Wenn wir also zu Gott beten, ihn um Hilfe bitten, müssen wir uns in kleine Kinder verwandeln, müssen wir erkennen, was wir tun können und was nicht. Auch wenn wir versuchen, unseren Lieben - Verwandten, Bekannten oder auch unseren eigenen Kindern - zu helfen, müssen wir uns zunächst darüber klar werden, ob wir es im Verhältnis zum nächsten Menschen, d.h. zu uns selbst, tun könnten. Wenn ich für mich selbst nicht das tun kann, was ich für meinen Nächsten verlange oder zu tun versuche, ist es kaum möglich. Das ist auch versteckter Stolz, Arroganz und eine Art von böser Gesinnung.

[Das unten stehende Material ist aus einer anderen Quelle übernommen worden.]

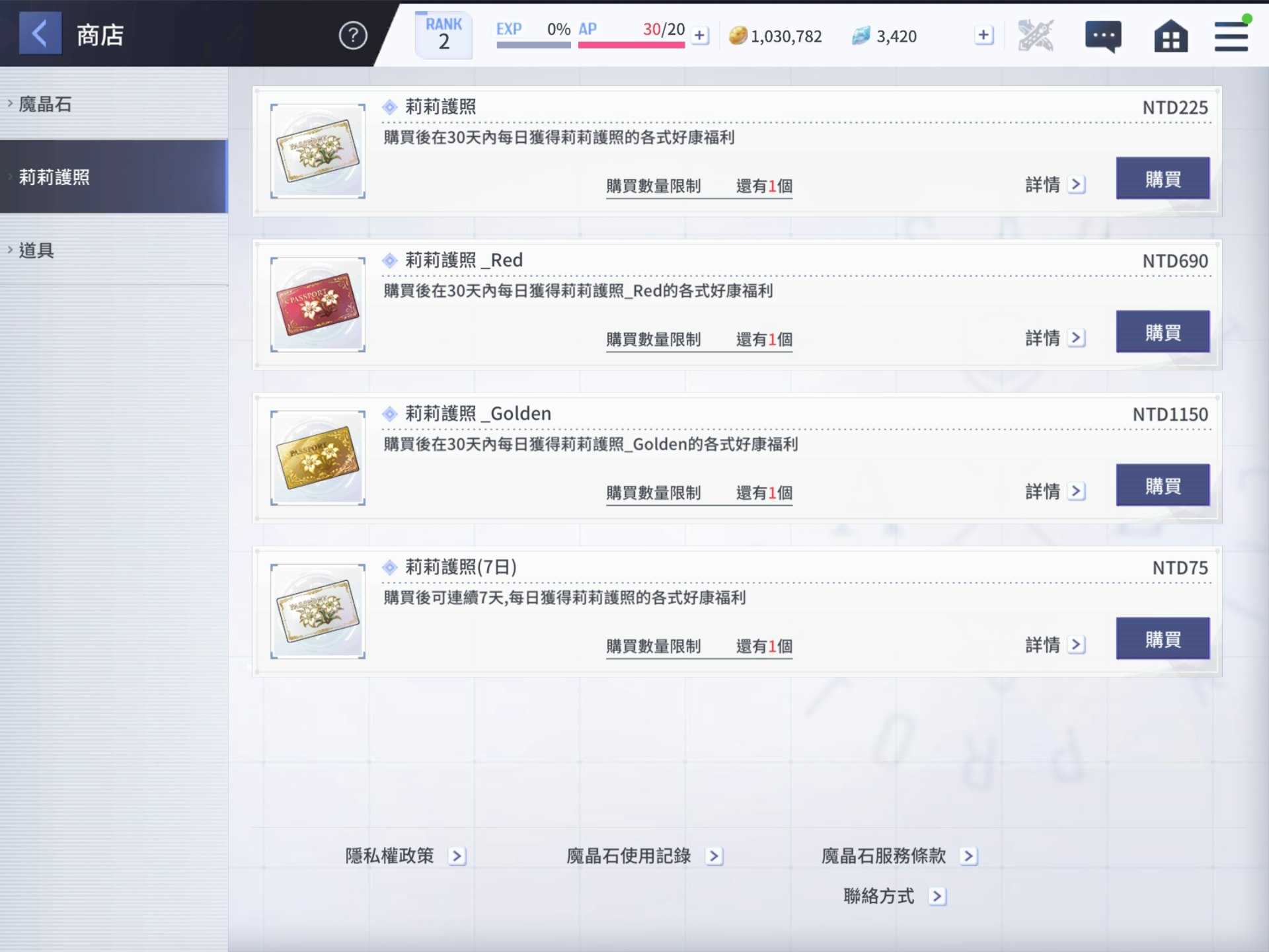 本作回忆卡强度高度依赖满突”(满破),未满突卡牌在后期可能难以使用。因此,若计划长期游玩,适度课金积累资源将显著提升体验。推荐优先考虑莉莉护照”(月卡),普通版(225台币)性价比最高,提供活动掉落×2、每日Skip券及体力回复道具等实用福利。
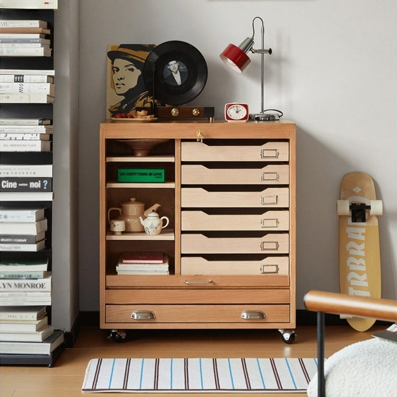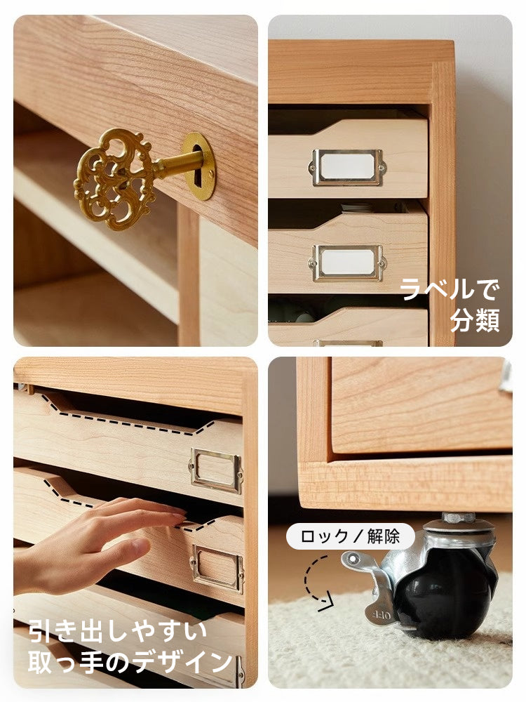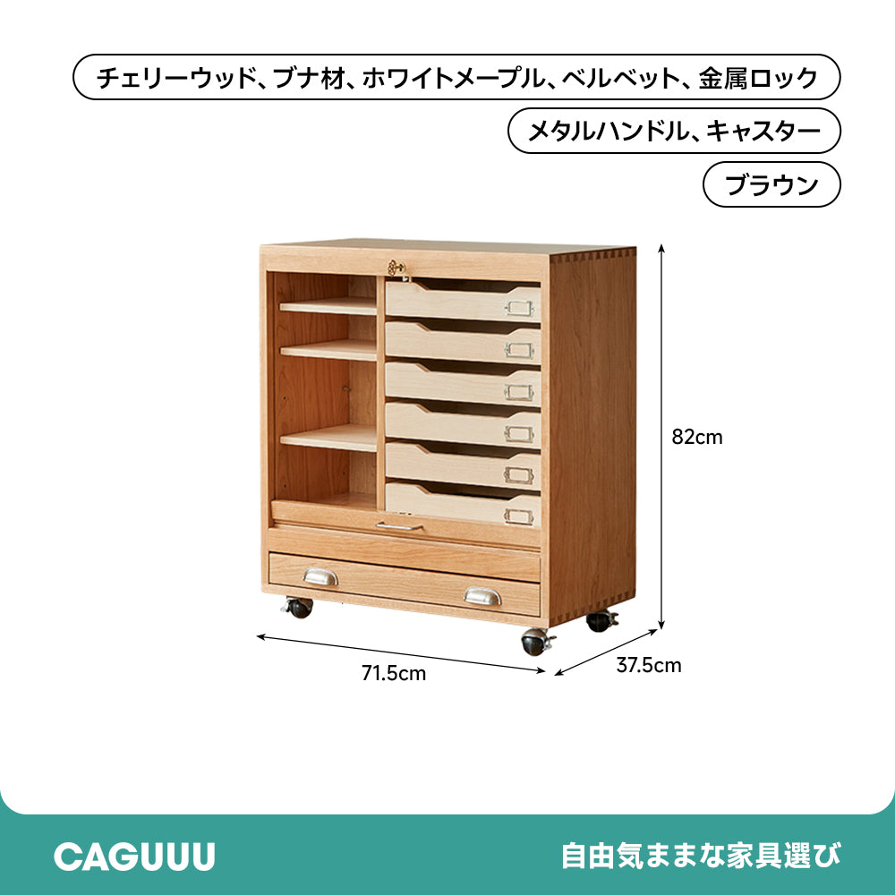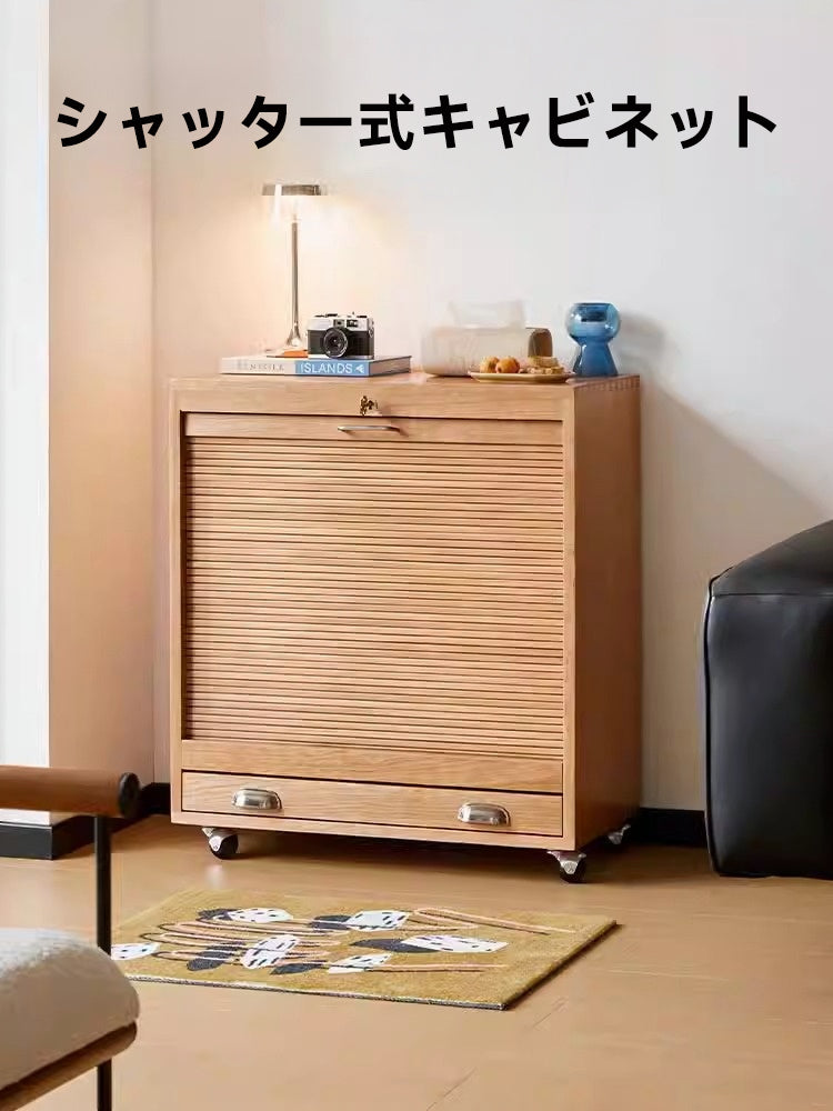 チェリー材シャッター式キャビネットは、北米産のFASグレードチェリー材を使用した高級感あふれる収納家具です。ナチュラルなブラウンの色合いがリビングや書斎にぴったりで、ファミリーやカップルに最適です。シャッター式の扉で埃を防ぎつつプライバシーを守り、6段の引き出しで書類や小物をすっきりと分類収納可能です。キャスター付きで移動も簡単、コンパクトサイズでどんなインテリアにも調和します。

Wir müssen erkennen, dass der Herr jeden unserer Schritte, jeden Gedanken und jede Bewegung unseres Herzens voraussieht. Er sucht uns in jeder Kurve unseres irdischen Lebens, wie ein erfahrener Jäger, um uns für das Himmelreich zu fangen, um die Gnade des Heiligen Geistes zu empfangen und die Freude des Himmelreiches hier und jetzt zu kosten. Er möchte, dass sein göttliches Bild in unserem Herzen erscheint, damit diese wunderbare himmlische Hieroglyphe ein für alle Mal in unser noch irdisches Leben eingeprägt wird. Und dann werden unsere Blindheit, unsere Taubheit und Stummheit, unsere taubstummen und blinden Dämonen von uns weichen. Wir werden in der Lage sein, die Landschaft unserer eigenen Seele und unseres eigenen Lebens und alles, was uns umgibt, nüchtern, klar und angemessen zu sehen und zu erkennen, wer wir sind, warum und wozu wir in diese Welt gerufen wurden. Wir werden fähig sein, zu Gott zu schreien und ihm zu danken für jede Gunst, für jede Barmherzigkeit, für jede Liebe, die der Herr uns zuwendet, zu jeder Zeit, zu jeder Stunde, für jeden Menschen, der in diese Welt kommt.
Herzlichen Glückwunsch an die Kommunikanten zum Empfang des Heiligen Sakraments!
Gepriesen seist du, Gott! Gepriesen seist du, Gott! Gepriesen seist du, Gott!
Archimandrit Nestor Predigt 2018.07.15_Die Heilung der beiden Blinden.